Chaque station de base fait tourner un réseau privé LoRa en plus du relais cellulaire. Le bétail parle à la station de base par LoRa, qui se propage à travers les collines, à travers le boisé, et jusque dans les ravines où le cellulaire ne va tout simplement pas. La station de base gère le lien retour vers la plateforme, et quand le cellulaire n'est pas disponible, le système continue de fonctionner sur son maillage radio privé jusqu'à la prochaine fois que le responsable est lui-même en couverture.

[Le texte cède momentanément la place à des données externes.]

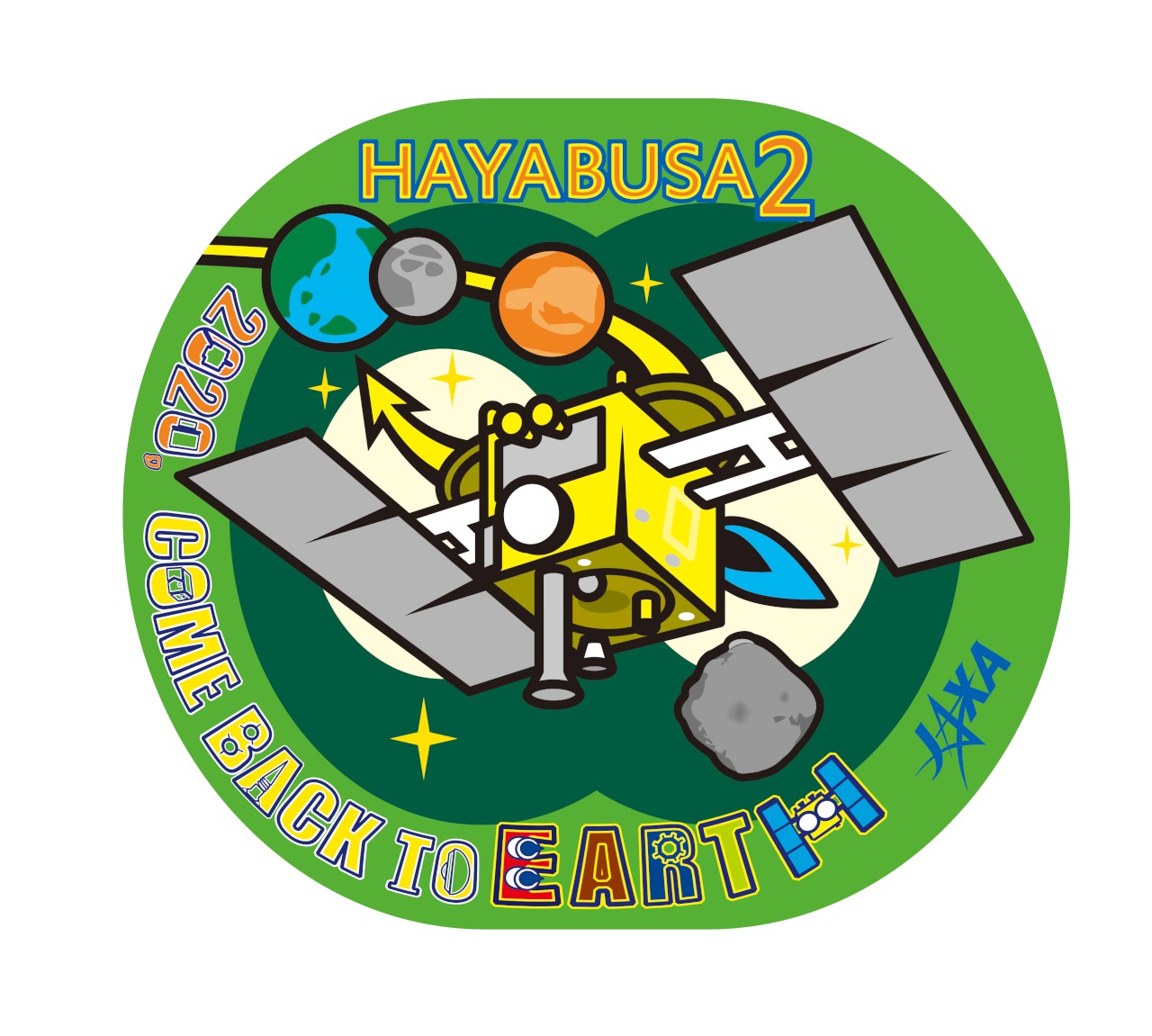 「はやぶさ2」プロジェクトの最新のミッションロゴマーク。帰還フェーズに入った昨年11月にデザインがリニューアルされた。「2020, COME BACK TO EARTH」の文字にもミッションにちなんだ様々な小ネタが隠されている(提供:ISAS/JAXA)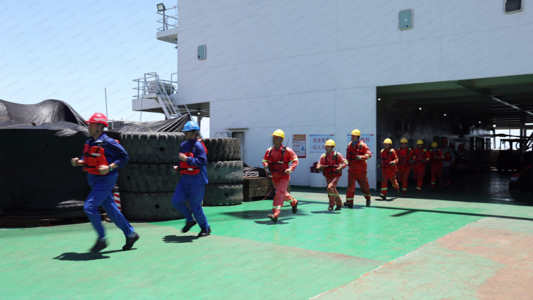 演练规模大科目全,贴近实战强能力。演练总投入船舶6艘,包括起重船、交通船、应急保障船,并以“海峰5201”船舶作为指挥中枢。主场地设在“联合海工1500”起重船,共设置六大实战科目:防台防汛启动部署会、船舶甲板部件加固与设备绑扎、船舶水密舱门关闭检查、人员紧急转移撤离、模拟人员落水快速救援以及人员受伤应急包扎与送医救治。演练模拟台风逼近场景,指令清晰,响应迅捷。

Pour l'exploitant, cela signifie que le troupeau est visible et que la limite est tenue sur du pays où n'importe quel système purement cellulaire perdrait le contact. La zone morte sur la carte de l'opérateur n'est plus la limite de l'endroit où l'on peut faire de la clôture virtuelle. C'est la différence qui décide si la technologie fonctionne sur le pays qui en a réellement besoin.

Le côté solaire et batterie du matériel compte aussi ici. Le pays escarpé fait de l'ombre. Le boisé fait encore plus d'ombre. Les colliers doivent continuer de tourner pendant des semaines où le panneau voit moins de soleil que ce que les photos marketing suggèrent. Le capteur solaire plus grand et la batterie plus longue durée d'eShepherd ont été spécifiés pour exactement ce pays, pas pour une parcelle plate par jour clair.

L'autre chose qui se brise sur le pays accidenté, c'est le rassemblement.

Une demi-journée à cheval pour trouver la moitié du troupeau. Une autre demi-journée pour trouver le reste. Les animaux dispersés dans les boisés, les ravines et l'arrière-pays, et le responsable à cheval pour confirmer ce qui a déjà été rassemblé et ce qui ne l'a pas été. Le rassemblement de printemps sur un grand pays de montagne a toujours demandé plusieurs voyages.

La localisation en direct fait s'effondrer tout cela. Chaque animal sur un écran. Chaque ravine cochée sur la carte, pas dans la mémoire. Le troupeau se déplace vers les enclos parce que le système sait où est le troupeau, et la chevauchée sert à confirmer ce qui est déjà sur la carte plutôt qu'à trouver ce qui n'y est pas. La même logique s'applique au contrôle quotidien. Le pays se parcourt à hauteur de l'endroit où se trouve réellement le bétail, pas à hauteur de ce que le responsable a supposé en dernier.

Le pays trop accidenté pour être clôturé est le pays pour lequel eShepherd a été conçu.

Ramène-le dans l'exploitation.

Exploite le pays que tu ne pouvais pas clôturer.